Comment 4 reads, with the material in parentheses deleted by the 1962 revision and the material underlined added by the revision:

"An illustration of subsection (3) is as follows:

"The owner of Blackacre borrows $10,000.00 from his neighbor, and secures his note by a mortgage on Blackacre. This Article is not applicable to the creation of the real estate mortgage. Nor is it applicable to a sale of the note by the mortgagee, even though the mortgage continues to secure the note. However, when the mortgagee pledges the note [and mortgage] to secure his own obligation to X, this Article applies to the security interest thus created, [and the mortgage. Whether the transfer of the collateral for the note, i.e., the mortgagee's interest in Blackacre, requires further action (such as recording an assignment of the mortgagee's interest) is left to real estate law.] which is a security interest in an instrument even though the instrument is secured by a real estate mortgage. This article leaves to other law the question of the effect on rights under the mortgage of delivery or non-delivery of the mortgage or of recording or non-recording of an assignment of the mortgagee's interest." (Emphasis supplied.)

[7] ORS 79.3050 provides:

"A security interest in letters of credit and advices of credit as provided in ORS 75.1160(2)(a), goods, instruments (other than certificated securities), money, negotiable documents or chattel paper may be perfected by the secured party's taking possession of the collateral.
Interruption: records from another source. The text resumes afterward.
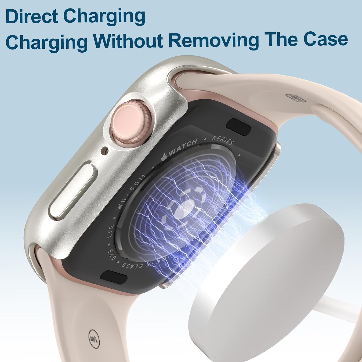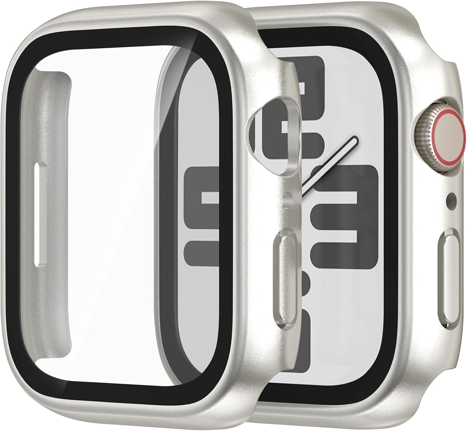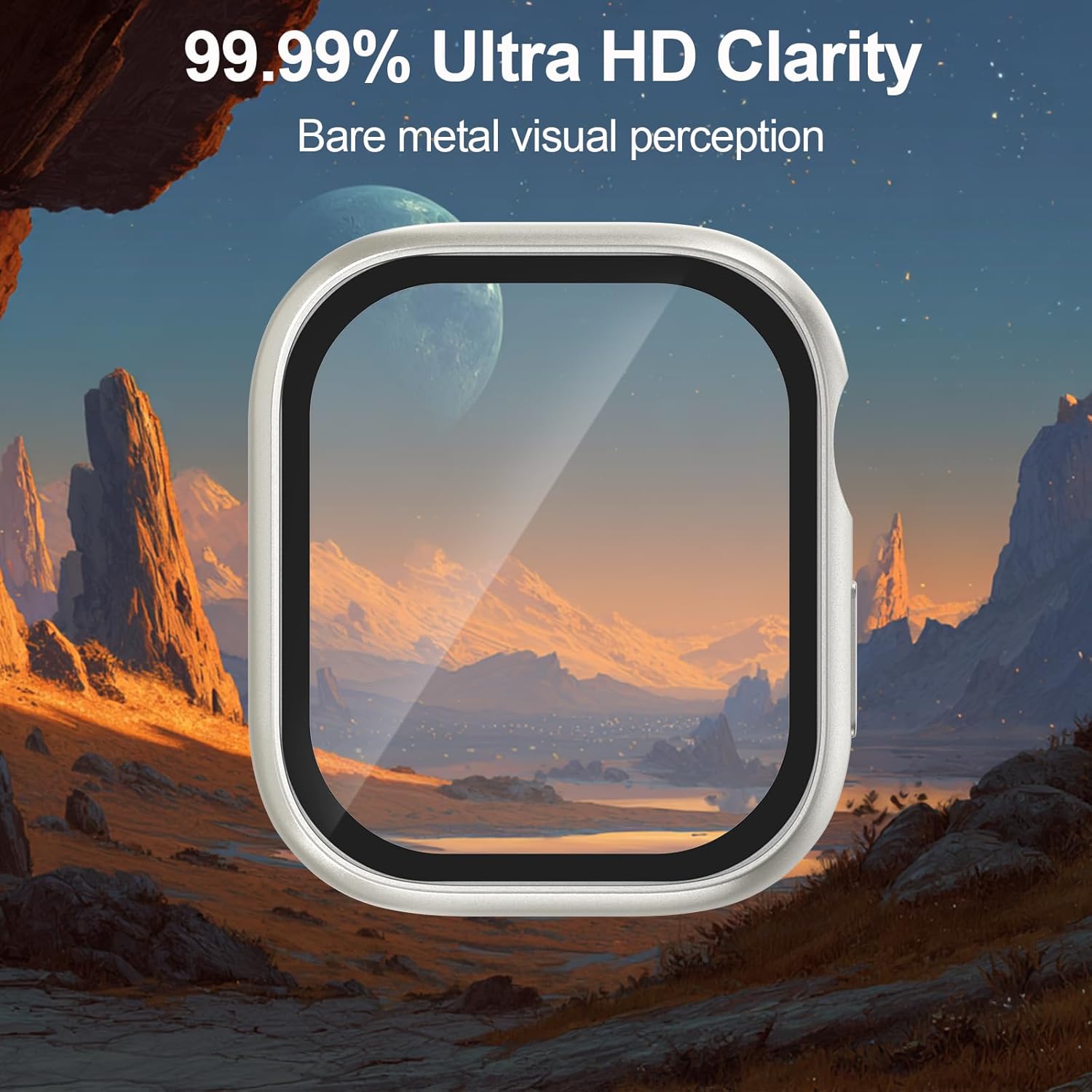 【2 In 1 Case】Durable ultra-thin hard PC bumper and built-in clear tempered glass screen protector,full coverage,designed to protect the exterior surface of your watch without compromising its usability.
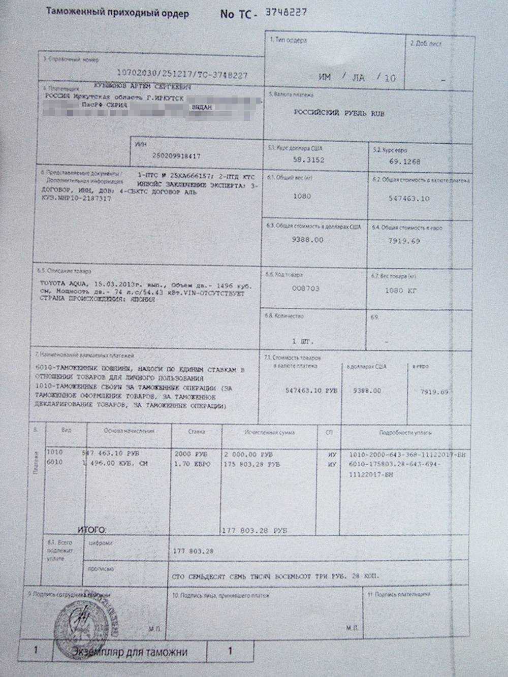 184 000 Р: таможенные пошлины и сборы, утилизационный сбор
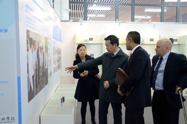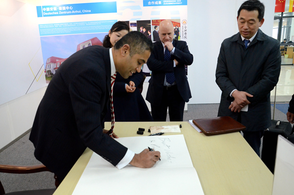 期間,英國德比市代表團一行參觀了中德共建合肥學院三十周年成果展。張文兵從合肥學院發(fā)展狀況、國際化合作以及中德合作專業(yè)學術(shù)交流等方面介紹了我校的整體情況,以及中外師生交流、文化交流、科研合作、專業(yè)共建等多類合作項目開展情況。拉杰·邦威在留言臺寫下對合肥學院的衷心祝福。

If such collateral other than goods covered by a negotiable document is held by a bailee, the secured party is deemed to have possession from the time the bailee receives notification of the secured party's interest. A security interest is perfected by possession from the time possession is taken without relation back and continues only so long as possession is retained, unless otherwise specified in ORS 79.1010 to 79.5070. The security interest may be otherwise perfected as provided in ORS 79.1010 to 79.5070. The security interest may be otherwise perfected as provided in ORS 79.1010 to 79.5070 before or after the period of possession by the secured party."